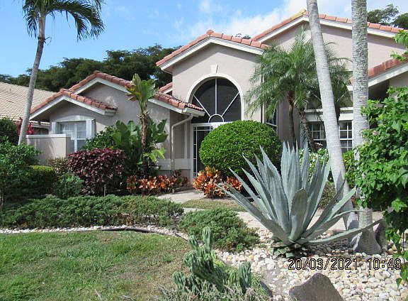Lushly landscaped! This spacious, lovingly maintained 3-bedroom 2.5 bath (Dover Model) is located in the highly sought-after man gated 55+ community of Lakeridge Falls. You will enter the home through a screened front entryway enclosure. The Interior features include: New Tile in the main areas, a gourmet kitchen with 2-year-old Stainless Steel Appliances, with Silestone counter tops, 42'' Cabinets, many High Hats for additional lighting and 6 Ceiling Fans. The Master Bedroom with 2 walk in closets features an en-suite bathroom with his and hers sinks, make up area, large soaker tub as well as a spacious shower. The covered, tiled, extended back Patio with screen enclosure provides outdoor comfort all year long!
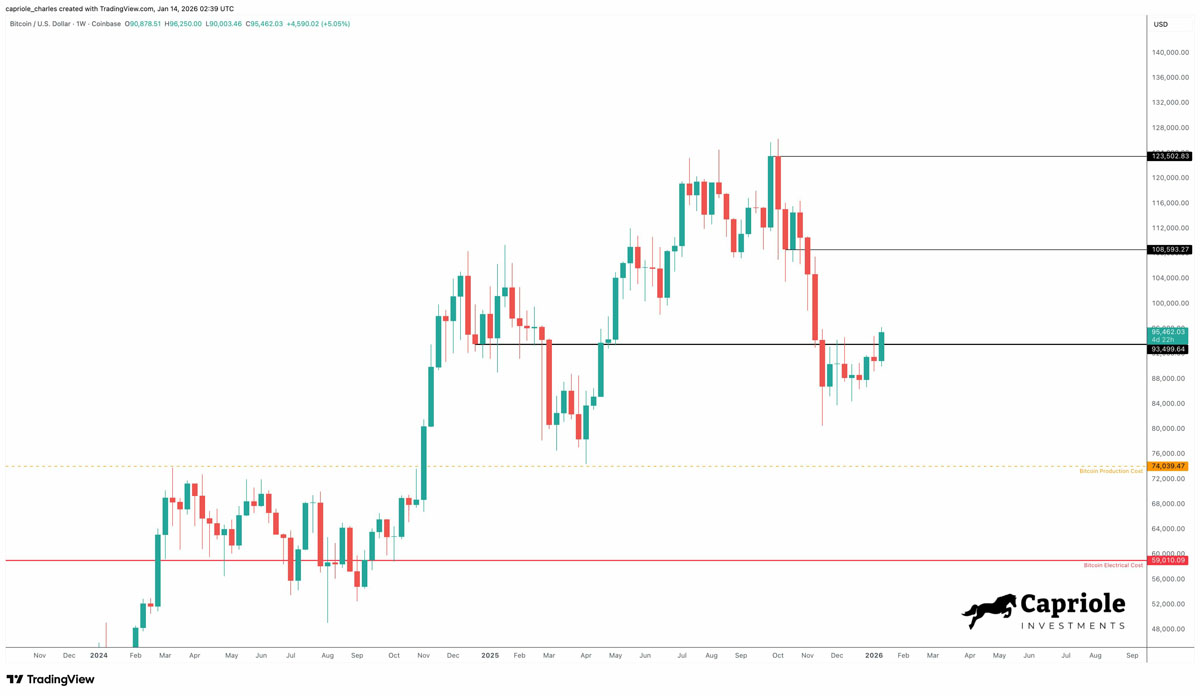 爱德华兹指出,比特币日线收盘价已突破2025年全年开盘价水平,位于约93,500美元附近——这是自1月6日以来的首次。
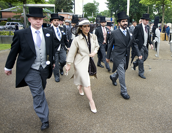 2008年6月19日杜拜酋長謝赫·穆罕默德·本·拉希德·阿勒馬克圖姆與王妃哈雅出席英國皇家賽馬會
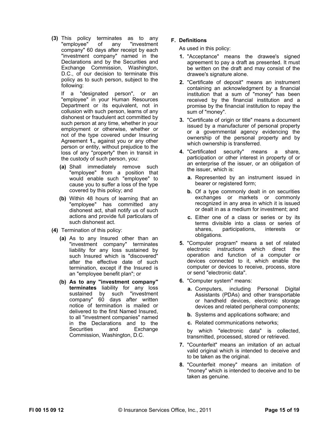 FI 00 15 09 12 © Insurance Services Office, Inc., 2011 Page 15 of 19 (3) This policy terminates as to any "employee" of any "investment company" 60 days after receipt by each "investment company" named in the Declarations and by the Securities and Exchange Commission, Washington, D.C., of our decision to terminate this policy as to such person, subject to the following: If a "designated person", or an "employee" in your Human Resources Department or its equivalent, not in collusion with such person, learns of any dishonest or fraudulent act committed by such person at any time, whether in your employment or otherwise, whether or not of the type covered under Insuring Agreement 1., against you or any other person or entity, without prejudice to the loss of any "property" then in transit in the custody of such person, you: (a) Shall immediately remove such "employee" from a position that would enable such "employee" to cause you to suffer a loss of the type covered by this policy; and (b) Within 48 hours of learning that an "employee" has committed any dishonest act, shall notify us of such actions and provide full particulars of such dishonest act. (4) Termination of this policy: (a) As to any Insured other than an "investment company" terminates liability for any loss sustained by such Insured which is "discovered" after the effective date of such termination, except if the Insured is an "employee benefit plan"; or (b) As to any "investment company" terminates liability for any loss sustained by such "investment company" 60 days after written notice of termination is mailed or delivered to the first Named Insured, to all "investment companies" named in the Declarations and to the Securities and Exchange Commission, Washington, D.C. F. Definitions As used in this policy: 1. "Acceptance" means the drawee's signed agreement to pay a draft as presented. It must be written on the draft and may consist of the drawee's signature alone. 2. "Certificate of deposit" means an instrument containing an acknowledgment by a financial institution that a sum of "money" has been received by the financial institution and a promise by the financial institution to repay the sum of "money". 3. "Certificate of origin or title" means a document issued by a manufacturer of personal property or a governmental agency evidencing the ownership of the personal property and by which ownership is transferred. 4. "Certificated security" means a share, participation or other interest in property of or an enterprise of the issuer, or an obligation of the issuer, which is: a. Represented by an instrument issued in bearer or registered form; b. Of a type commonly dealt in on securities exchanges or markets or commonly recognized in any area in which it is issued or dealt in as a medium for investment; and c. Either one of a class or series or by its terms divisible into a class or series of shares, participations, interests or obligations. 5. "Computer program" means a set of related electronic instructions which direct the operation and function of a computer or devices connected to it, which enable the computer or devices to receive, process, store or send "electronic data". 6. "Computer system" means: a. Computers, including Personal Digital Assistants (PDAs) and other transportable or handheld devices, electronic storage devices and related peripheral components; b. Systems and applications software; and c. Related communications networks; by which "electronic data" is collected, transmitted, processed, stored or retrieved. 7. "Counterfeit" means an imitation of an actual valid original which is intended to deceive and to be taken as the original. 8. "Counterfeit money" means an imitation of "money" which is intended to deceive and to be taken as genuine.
# # # # #
What to produce: Look above for the line with "爱德华兹指出,比特币日线收盘" and copy exactly from it through the line with "2008年6月19日杜拜酋長", both included. Omit the pictures.

Solution for this exercise:
 爱德华兹指出,比特币日线收盘价已突破2025年全年开盘价水平,位于约93,500美元附近——这是自1月6日以来的首次。
 2008年6月19日杜拜酋長謝赫·穆罕默德·本·拉希德·阿勒馬克圖姆與王妃哈雅出席英國皇家賽馬會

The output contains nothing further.